WHAT YOU HAVE TO DO >>
If pictures appear among the lines below, leave them out while you return exactly the lines from the one with "A1. 데이터가 비선형적인" through the one with "Décor de tragédie, aquarelle".

RECORD EXCERPTS >>
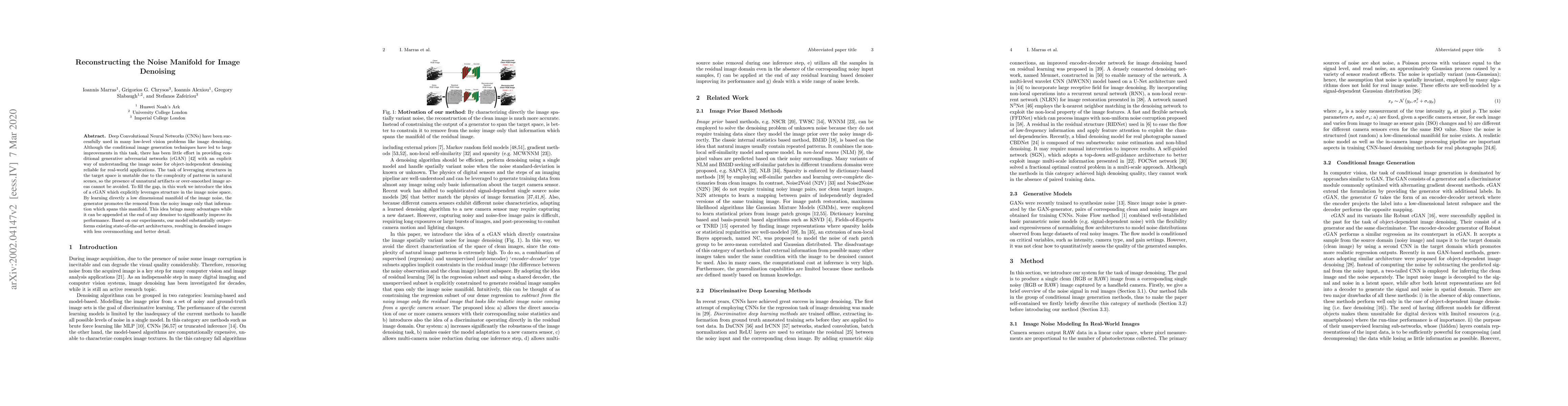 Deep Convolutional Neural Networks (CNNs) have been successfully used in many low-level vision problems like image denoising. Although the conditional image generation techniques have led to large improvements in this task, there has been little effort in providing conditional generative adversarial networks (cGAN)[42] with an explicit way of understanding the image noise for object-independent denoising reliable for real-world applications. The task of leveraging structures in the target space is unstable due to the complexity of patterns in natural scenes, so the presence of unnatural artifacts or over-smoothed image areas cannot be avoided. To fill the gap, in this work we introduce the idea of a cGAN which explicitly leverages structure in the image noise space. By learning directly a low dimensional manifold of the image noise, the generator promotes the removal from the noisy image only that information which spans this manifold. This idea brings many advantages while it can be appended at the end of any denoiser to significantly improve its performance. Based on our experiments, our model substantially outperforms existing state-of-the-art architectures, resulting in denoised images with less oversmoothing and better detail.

---

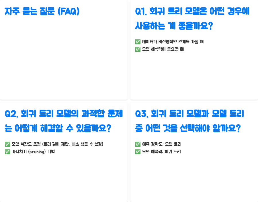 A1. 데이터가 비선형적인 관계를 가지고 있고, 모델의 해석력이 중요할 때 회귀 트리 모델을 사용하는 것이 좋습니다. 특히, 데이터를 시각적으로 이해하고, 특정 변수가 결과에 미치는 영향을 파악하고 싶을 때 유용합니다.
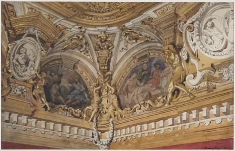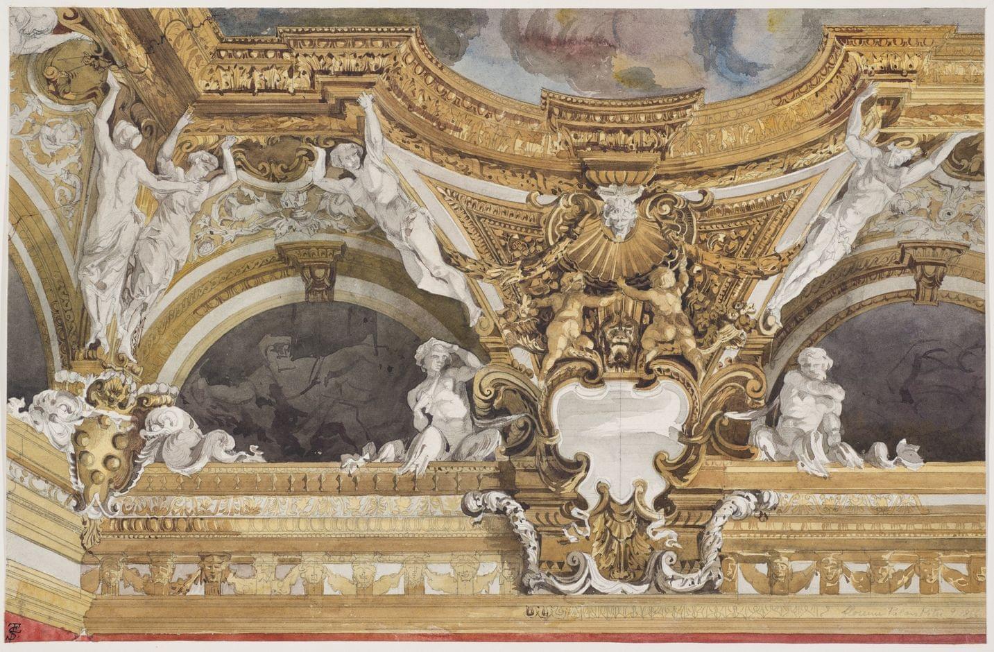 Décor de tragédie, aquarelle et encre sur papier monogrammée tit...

YOUR SOLUTION >>
 A1. 데이터가 비선형적인 관계를 가지고 있고, 모델의 해석력이 중요할 때 회귀 트리 모델을 사용하는 것이 좋습니다. 특히, 데이터를 시각적으로 이해하고, 특정 변수가 결과에 미치는 영향을 파악하고 싶을 때 유용합니다.
 Décor de tragédie, aquarelle et encre sur papier monogrammée tit...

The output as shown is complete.